All of the data below must be reproduced word for word, but without its images.

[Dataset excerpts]
'''

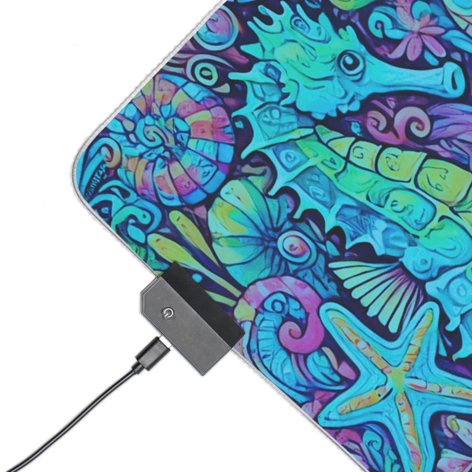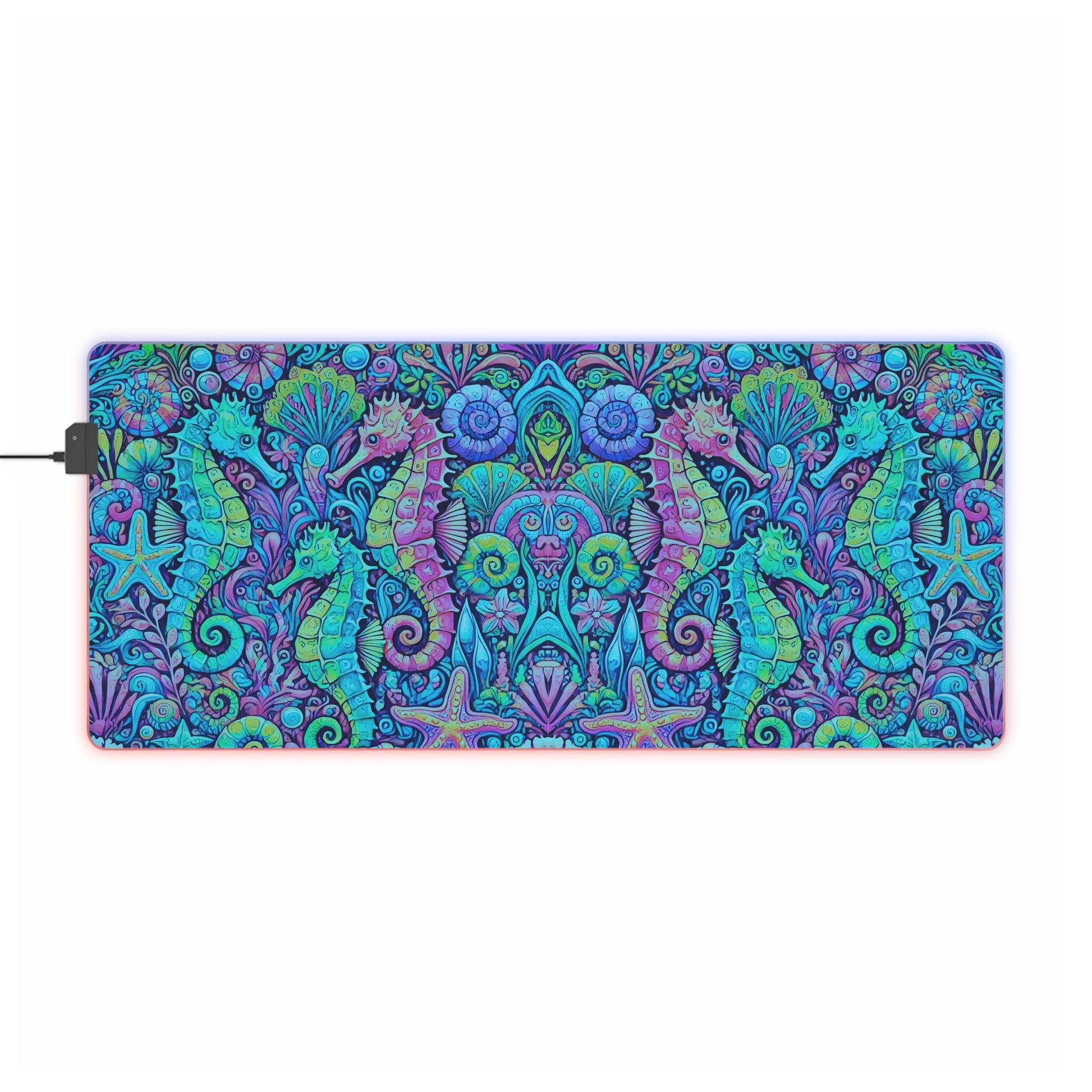 LED Gaming Mouse Pad With Vibrant RGB Lighting, 4 Sizes / Seahorse Trio, Turquoise Pop
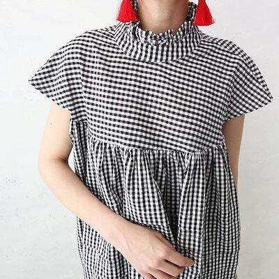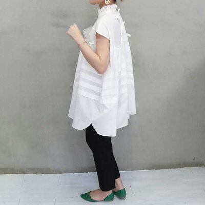 ストライプシャツ日韓半袖半タートルネック雰囲気通勤背中締めシャツサテンシャツネック クルーネッククルーネックトップス体型カバーチュニック
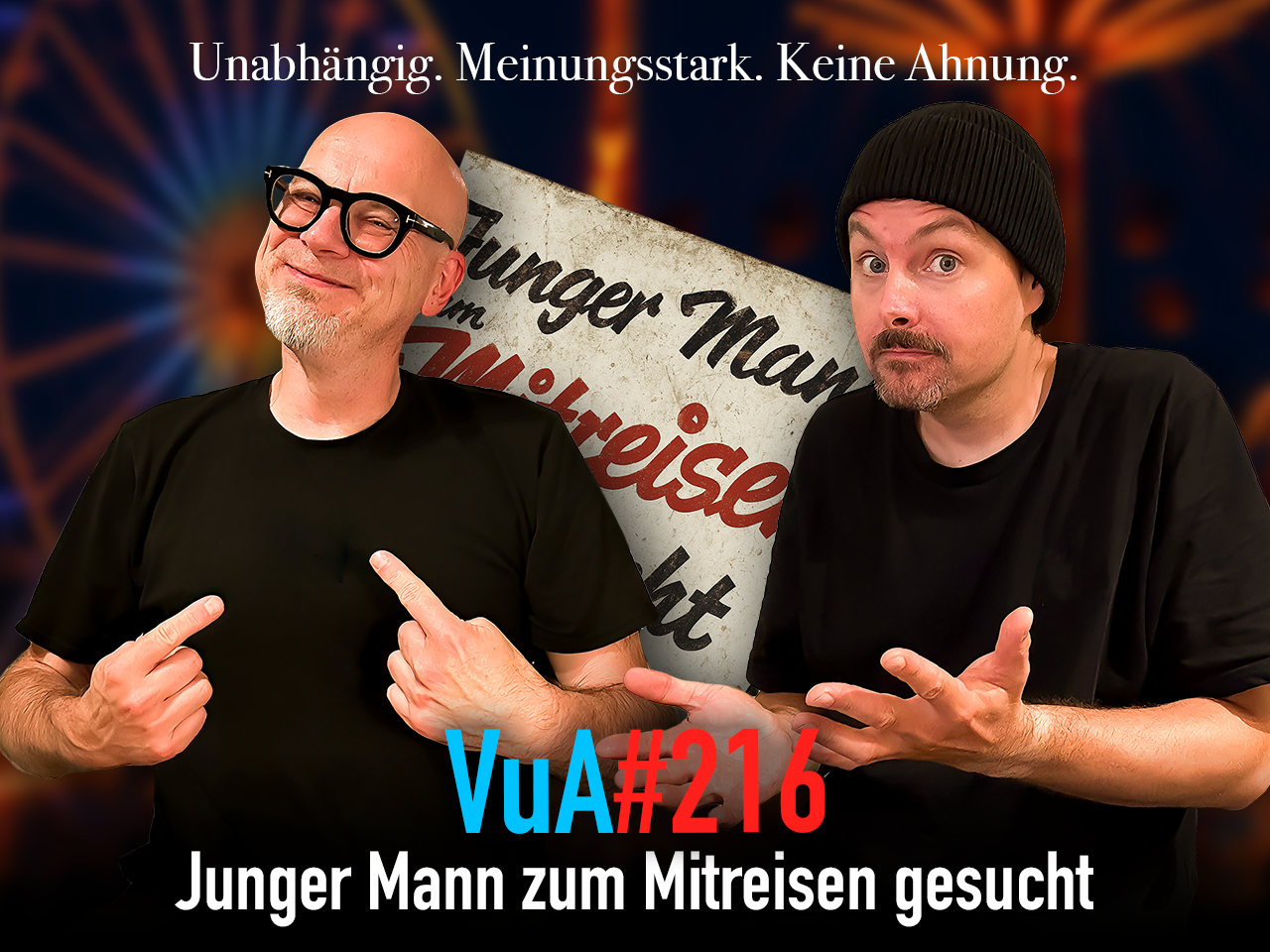 „Verkocht und Abgedreht“ ist wie eine Stellenausschreibung auf einem Jahrmarkt: Jeder darf mitmachen, aber es macht Spaß und die Bezahlung ist schlecht! Um sein Gegenüber zu provozieren, zeigt der Koch mehr oder weniger auffällig oft sein neues Hintergrundbild am Handy, wo er sich selbst in martialischer Haltung in Szene gesetzt und abgelichtet hat. Daniel reagiert mit einem müden Zurechtzuppeln seines Hermelinkraken am T-Shirt, stellt seinen Wecker forsch auf 23:33 Uhr und bereitet sich auf die schnellsten „5 Speedfragen“ in der Geschichte der Menschheit innerhalb dieses Podcasts vor. Leider weiß man an dieser Stelle noch nicht, ob die 216. Folge in diesem Moment durch eine säubernde KI einfach abgeschnitten wurde, da Recky und der Fernsehmann erfolglos versuchen, sich politisch möglichst korrekt auszudrücken, während sie darüber philosophieren, wie anstößig und gesellschaftsfremd so viele Sprachgebräuche geworden sind. Schwierig, man muss dabei gewesen sein. Und wer sich dran erinnert, hat die guten alten Zeiten nicht erlebt…
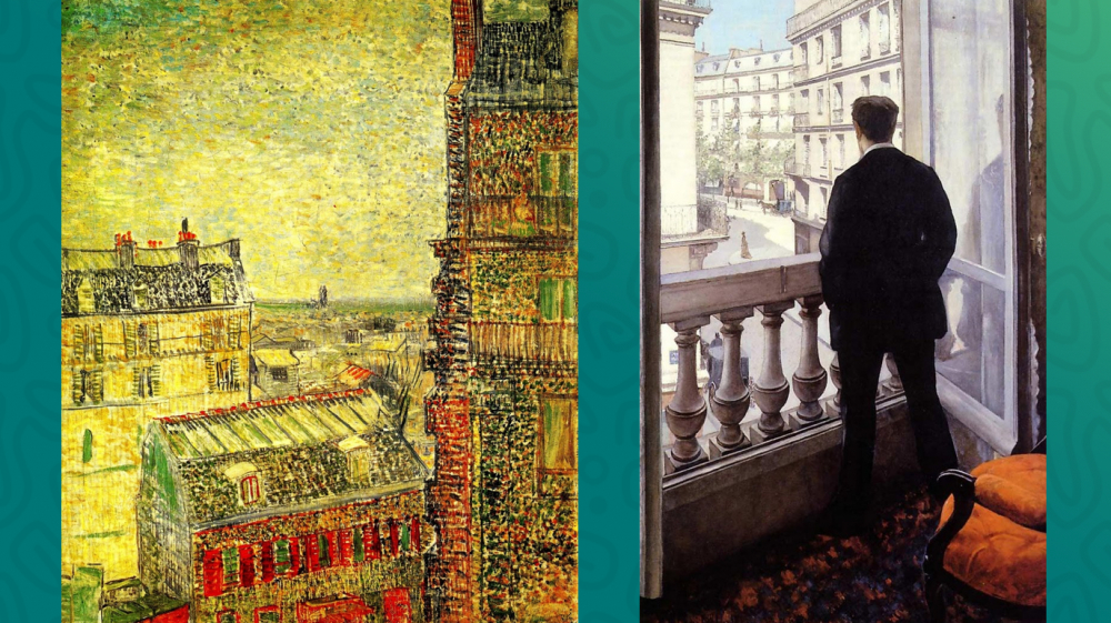 Давайте посмотрим на картины этих художников. «Вид на Париж из комнаты Винсента на улице Лепик» и «Молодой человек у окна». Несмотря на то, что на полотнах изображён Париж, одна и та же ситуация и даже возможно одно и то же место действия - они очень разные по манере своего исполнения. Отметьте авторов этих плотен.
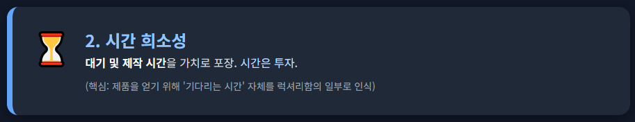 제품을 얻기 위해 **기다리는 시간(대기)**, 혹은 **제작에 들어가는 긴 시간**을 럭셔리함의 일부로 포장합니다. 시간 자체가 투자이자 가치가 됩니다.
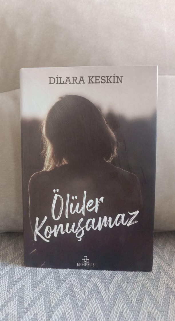 Dilara Keskin'in "Ölüler Konuşamaz" adlı romanı, derin ve düşündürücü temalar içeriyor. Kapakta bir siluet yer alıyor. afiş ve ayrac mevcut
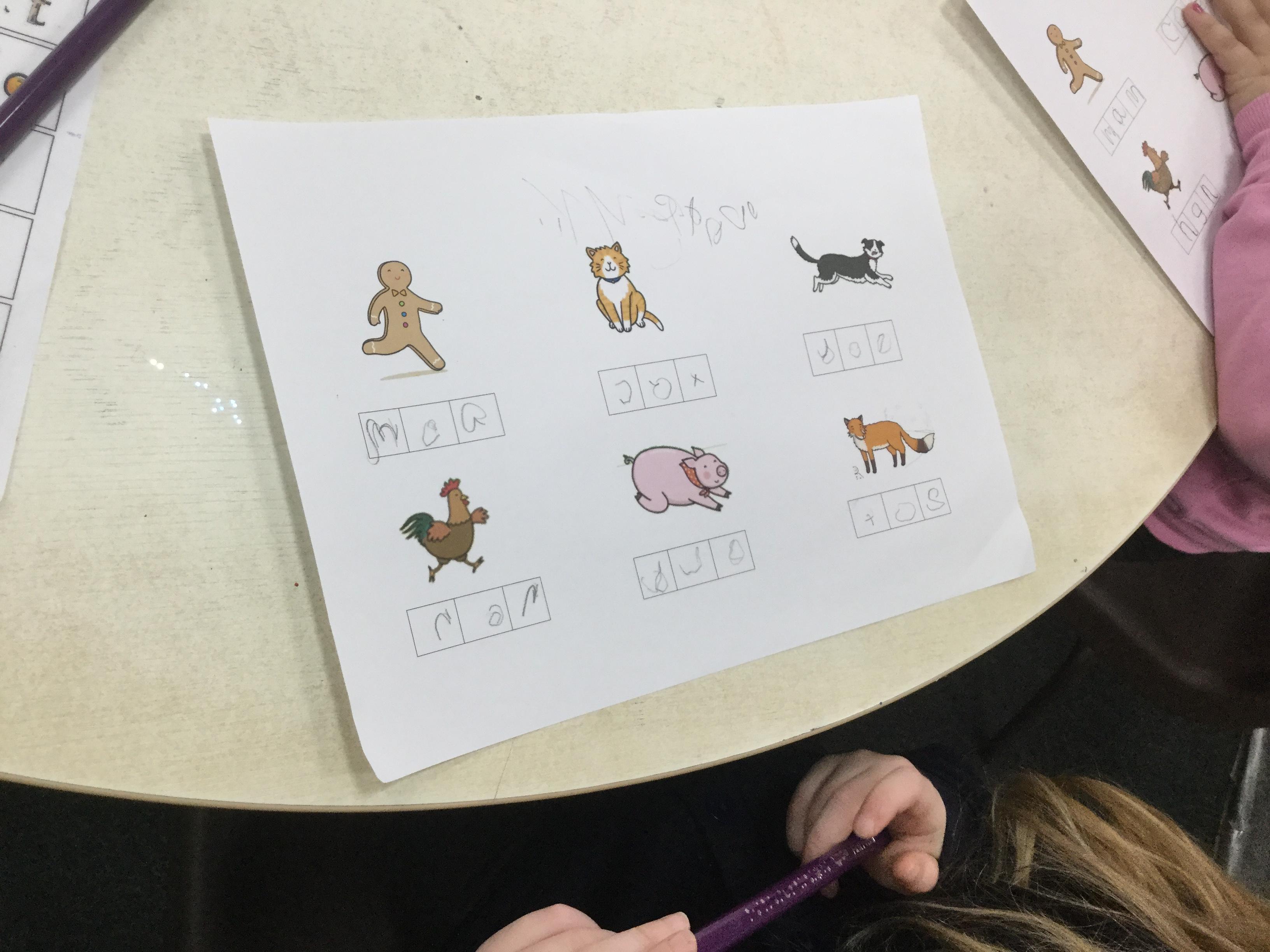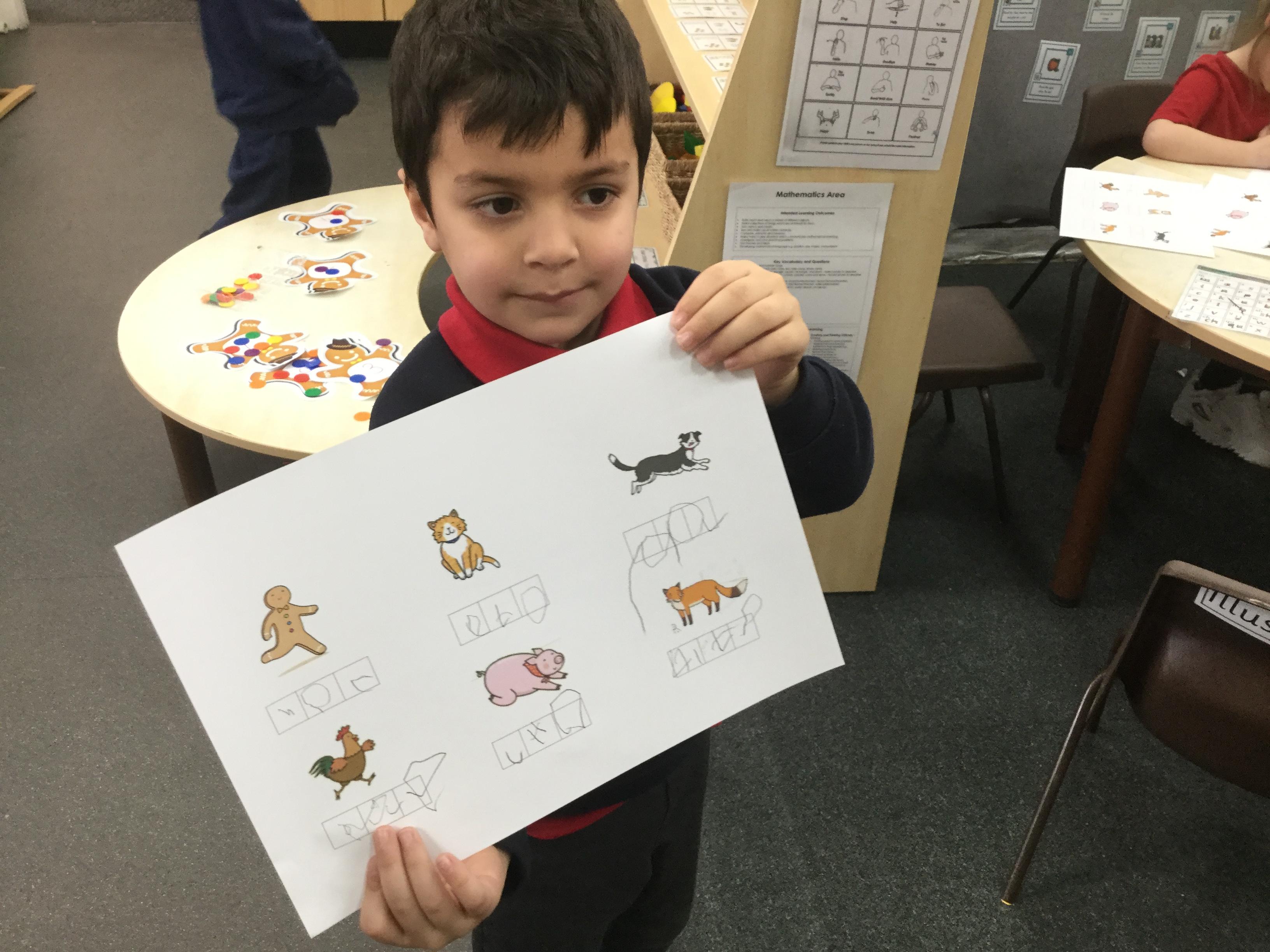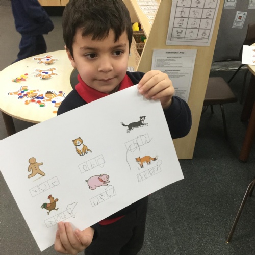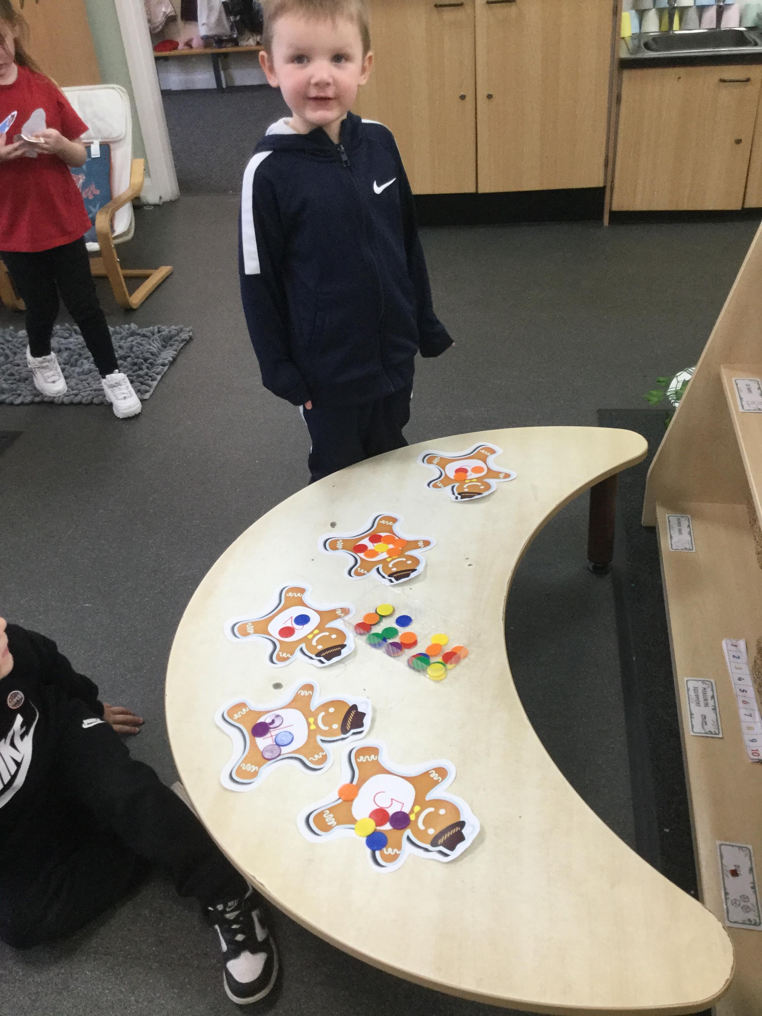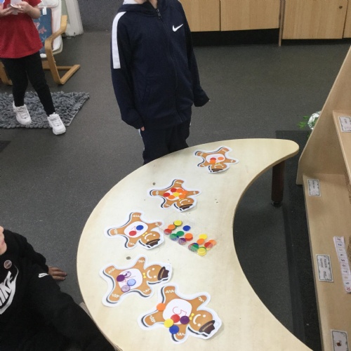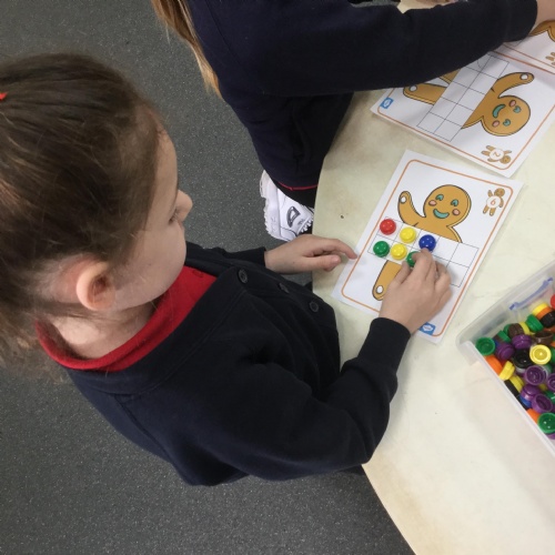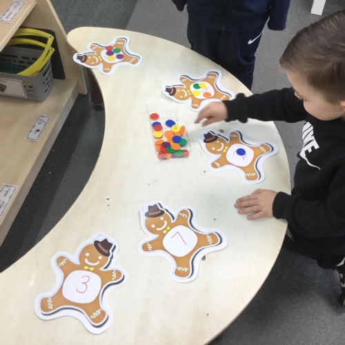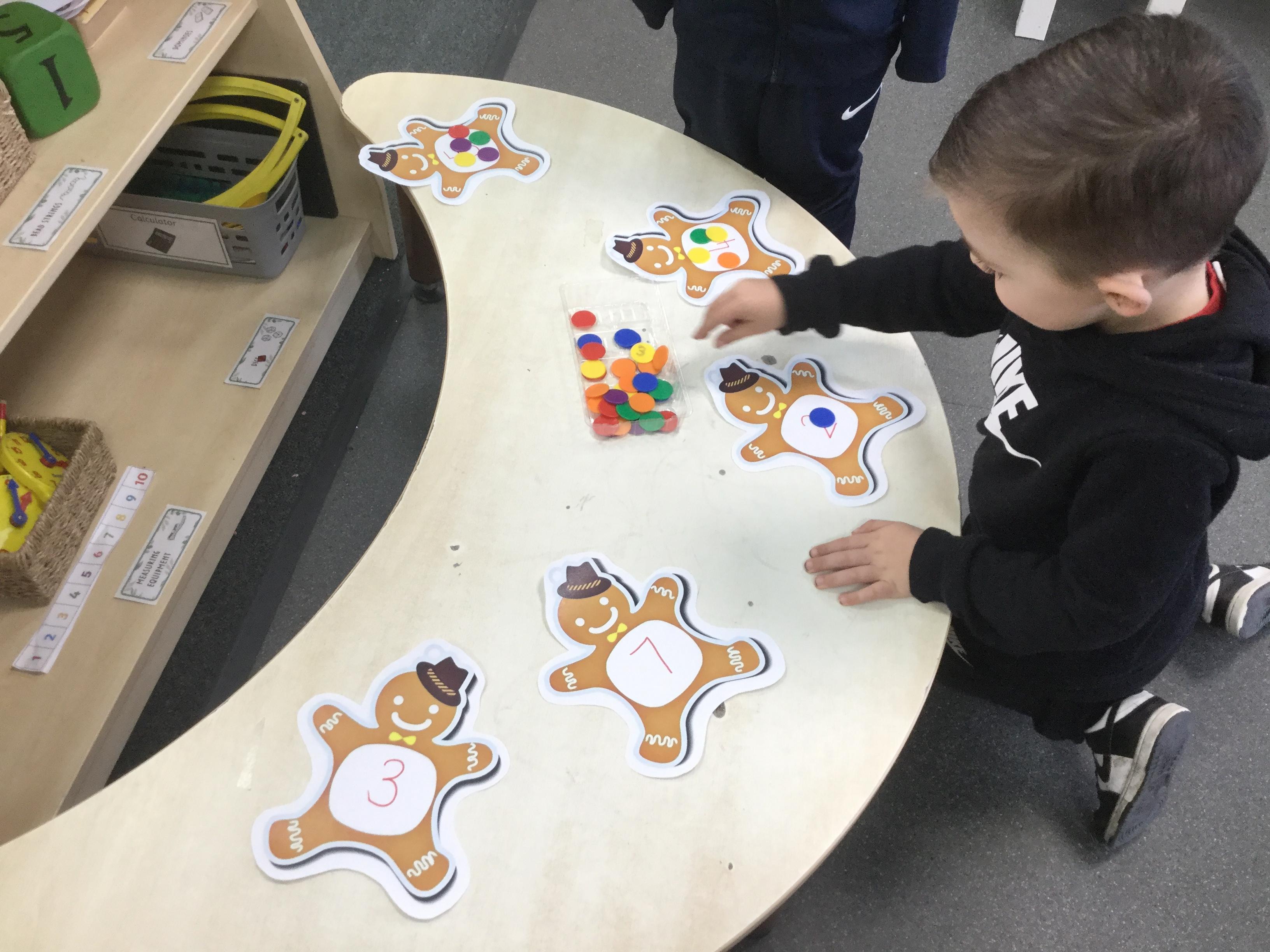 We have also been using the theme of Gingerbread Men to help us with our reading. We played a game were we had to choose a gingerbread, fred talk and read the game and then pop it into the pan to cook. We had such a fun time it hardly felt like learning!

'''

• **WRITTEN ANSWER**:
 LED Gaming Mouse Pad With Vibrant RGB Lighting, 4 Sizes / Seahorse Trio, Turquoise Pop
 ストライプシャツ日韓半袖半タートルネック雰囲気通勤背中締めシャツサテンシャツネック クルーネッククルーネックトップス体型カバーチュニック
 „Verkocht und Abgedreht“ ist wie eine Stellenausschreibung auf einem Jahrmarkt: Jeder darf mitmachen, aber es macht Spaß und die Bezahlung ist schlecht! Um sein Gegenüber zu provozieren, zeigt der Koch mehr oder weniger auffällig oft sein neues Hintergrundbild am Handy, wo er sich selbst in martialischer Haltung in Szene gesetzt und abgelichtet hat. Daniel reagiert mit einem müden Zurechtzuppeln seines Hermelinkraken am T-Shirt, stellt seinen Wecker forsch auf 23:33 Uhr und bereitet sich auf die schnellsten „5 Speedfragen“ in der Geschichte der Menschheit innerhalb dieses Podcasts vor. Leider weiß man an dieser Stelle noch nicht, ob die 216. Folge in diesem Moment durch eine säubernde KI einfach abgeschnitten wurde, da Recky und der Fernsehmann erfolglos versuchen, sich politisch möglichst korrekt auszudrücken, während sie darüber philosophieren, wie anstößig und gesellschaftsfremd so viele Sprachgebräuche geworden sind. Schwierig, man muss dabei gewesen sein. Und wer sich dran erinnert, hat die guten alten Zeiten nicht erlebt…
 Давайте посмотрим на картины этих художников. «Вид на Париж из комнаты Винсента на улице Лепик» и «Молодой человек у окна». Несмотря на то, что на полотнах изображён Париж, одна и та же ситуация и даже возможно одно и то же место действия - они очень разные по манере своего исполнения. Отметьте авторов этих плотен.
 제품을 얻기 위해 **기다리는 시간(대기)**, 혹은 **제작에 들어가는 긴 시간**을 럭셔리함의 일부로 포장합니다. 시간 자체가 투자이자 가치가 됩니다.
 Dilara Keskin'in "Ölüler Konuşamaz" adlı romanı, derin ve düşündürücü temalar içeriyor. Kapakta bir siluet yer alıyor. afiş ve ayrac mevcut
 We have also been using the theme of Gingerbread Men to help us with our reading. We played a game were we had to choose a gingerbread, fred talk and read the game and then pop it into the pan to cook. We had such a fun time it hardly felt like learning!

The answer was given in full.